Наполеон скрежетал зубами: Барклай уходил! Это грозило тяжелыми последствиями. Французы ужесточили атаки, получив подкрепление. Но все было бесполезно. Русские стояли насмерть! Наконец Шувалов получил приказ об отступлении. Войска Барклая были в безопасности. Последняя атака французов. Схватка кипела в траншеях. И… пуля попала в генерала. Семен и еще несколько солдат вытащили своего генерала с поля боя. Узнав о ранении Шувалова, Барклай назначил командующим корпусом генерала Остермана-Толстого, который тоже под Островко двое суток не давал французам двинуться вперед.
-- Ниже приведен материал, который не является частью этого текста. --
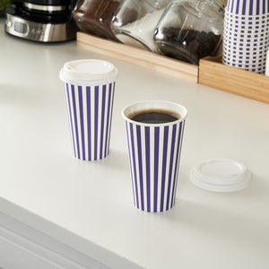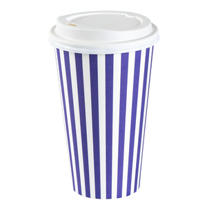 16 OZ PURPLE AND WHITE PAPER SINGLE WALL COFFEE CUP - WITH LID

В этой суете все забыли о раненом генерале. Лишь Семен разыскал где-то крестьянскую телегу, бросил туда хорошую охапку соломы и, уложив раненого, погнал коня за уходящими солдатами. Генералу было плохо. Благо, они столкнулись с Раевским, который тоже отходил к Смоленску. Узнав, кто в телеге раненый, он послал за своим врачом, а сам подсел к Шувалову. Через силу тот поднялся и сколько ни уговаривал его генерал, он не ложился. Между ними завязался разговор. Раевский очень сетовал, что оказался под руководством Барклая, который из-за своей трусости не принимает решительного боя, да и вообще армия разбросана.
– Да, я с тобой согласен. У французов все собрано в одном кулаке. А у нас два главнокомандующих: Барклай и Багратион.
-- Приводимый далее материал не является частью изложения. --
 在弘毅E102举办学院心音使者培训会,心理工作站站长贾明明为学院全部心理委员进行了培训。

Прибыл врач и осмотрел рану.
– Ваше сиятельство, – сказал он, – я все сделал, чтобы спасти вашу жизнь, но… дальше она в ваших руках. Вам требуется хороший медицинский уход. Вы меня поняли?
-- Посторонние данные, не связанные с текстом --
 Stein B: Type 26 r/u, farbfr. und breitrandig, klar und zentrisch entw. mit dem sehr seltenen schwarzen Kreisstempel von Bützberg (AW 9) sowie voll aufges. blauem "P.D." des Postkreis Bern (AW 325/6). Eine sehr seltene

– Благодарю вас, доктор, я постараюсь выполнить ваше требование.
– Постарайтесь, генерал.
Когда они остались вдвоем, Раевский предложил ему немедленно ехать в тыл.
– Смоленск мы вряд ли удержим. Хотя я буду стоять до последнего. Так что, Павлуша, срочно уезжай, битва тут будет знатная.
Видя, что граф молчит, Раевский стал настаивать.
– Дай слово, что уедешь немедленно. Или я выделю конвой, и он увезет тебя насильно.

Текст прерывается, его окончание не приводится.